HCF and LCM – Railway Maths Part III

Total Questions: 52

31. Let n be the least number which when divided by 15, 18, 20 and 27, the remainder in each case is 3 and n is divisible by 53. What is the sum of the digits of n? [Group D 07/10/2022 (Afternoon)]

Correct Answer: (b) 12
Solution:

LCM of 15, 18, 20 and 27 = 540
So, number = (540 × x) + 3 / 53
Put the value of x = 5
number = (540 × 5) + 3 / 53 = 2703 / 53 = 51
So sum of the digits of number (2703) = 2 + 7 + 0 + 3 = 12

32. Two numbers, whose LCM is 416 and HCF is 2, are in the ratio 13 : 16. Find the greater of these two numbers. [Group D 07/10/2022 (Afternoon)]

Correct Answer: (a) 32
Solution:

LCM = 416 and HCF = 2
Ratio = 13 : 16
According to question,
13 × 16 × k × k = 416 ⇒ k = 2
Greater number = 16k = 16 × 2 = 32

33. The HCF of two numbers is 47. If the product of the two numbers is 6627, then the larger number between these two numbers is: [Group D 07/10/2022 (Evening)]

Correct Answer: (c) 141
Solution:

Let the simplest ratio of numbers be a : b
HCF = 47
Numbers = 47a, 47b
Product = 6627
47a × 47b = 662 ⇒ ab = 3
Possible pair = (1 : 3)
So, larger number = 47 × 3 = 141

34. If the HCF of 408 and 1032 is expressed as 516m − 252 × 4, then m is: [Group D 11/10/2022 (Morning)]

Correct Answer: (d) 2
Solution:

If the HCF of 408 and 1032 is expressed as 516m − 252 × 4, then m is:
HCF of 408 and 1032 = 24
516m − 252 × 4 = 24
516m − 1008 = 24
516m = 1032 ⇒ m = 2

35. If a and b are two co-prime numbers, then their LCM is: [Group D 11/10/2022 (Morning)]

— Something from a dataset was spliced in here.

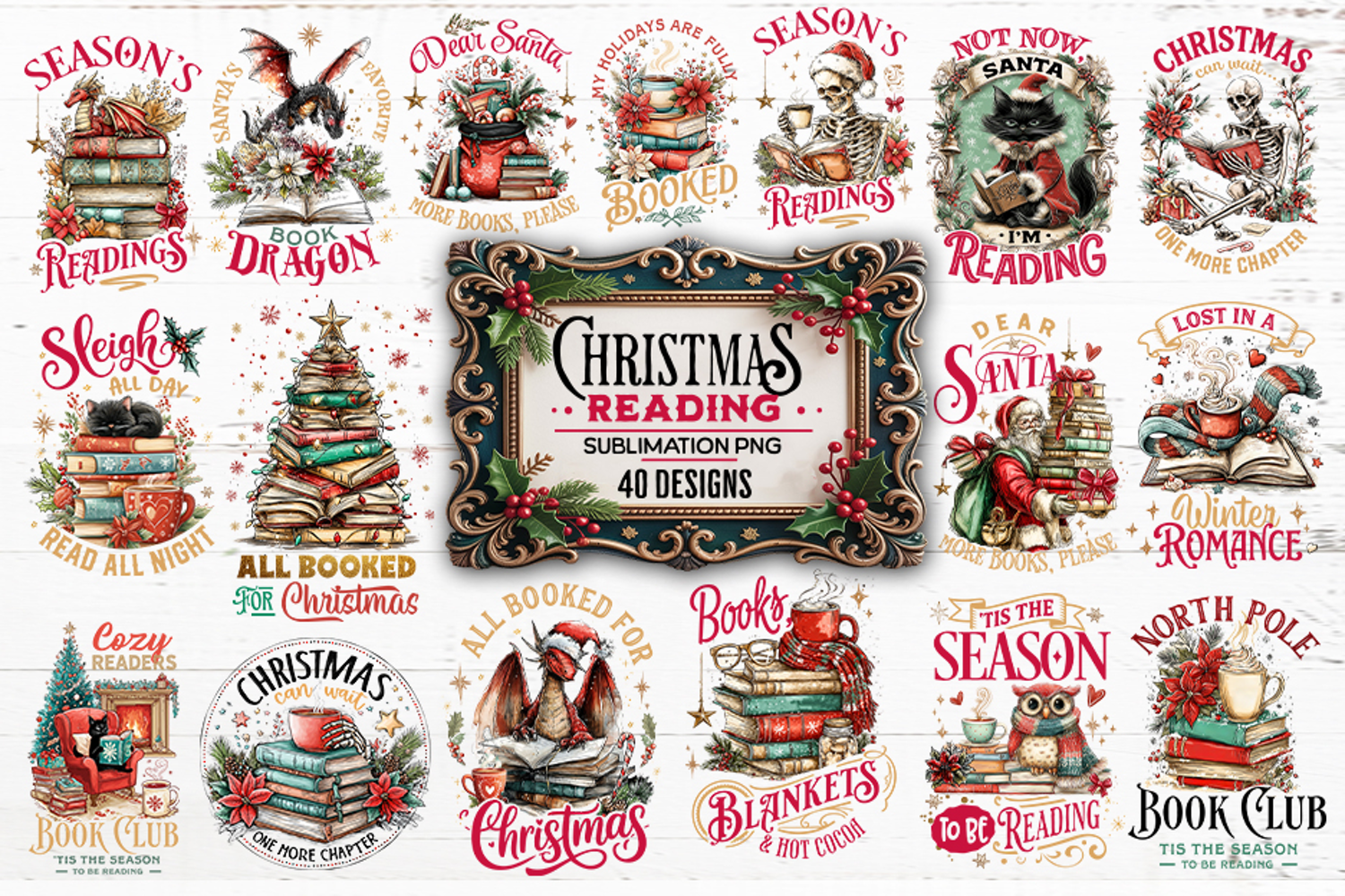 Celebrate the magic of books and the holiday season with this Christmas Reading Sublimation Bundle! Featuring 40 beautifully detailed festive designs, this collection blends cozy reading themes with Christmas charm — perfect for bookworms, libraries, and holiday crafting.

Correct Answer: (b) a × b 
Solution:

If a and b are co-prime then LCM = a × b

36. A tailor has 22 metres of cloth and he has to cut each metre of cloth into 5 pieces. How many pieces can he get from the 22 metres of cloth he has? [Group D 11/10/2022 (Afternoon)]

Correct Answer: (c) 110
Solution:

Given, tailor has 22 m cloth
As per question 1 meter cloth has 5 pieces
So 22 meter cloth has = 5 × 22 = 110 pieces.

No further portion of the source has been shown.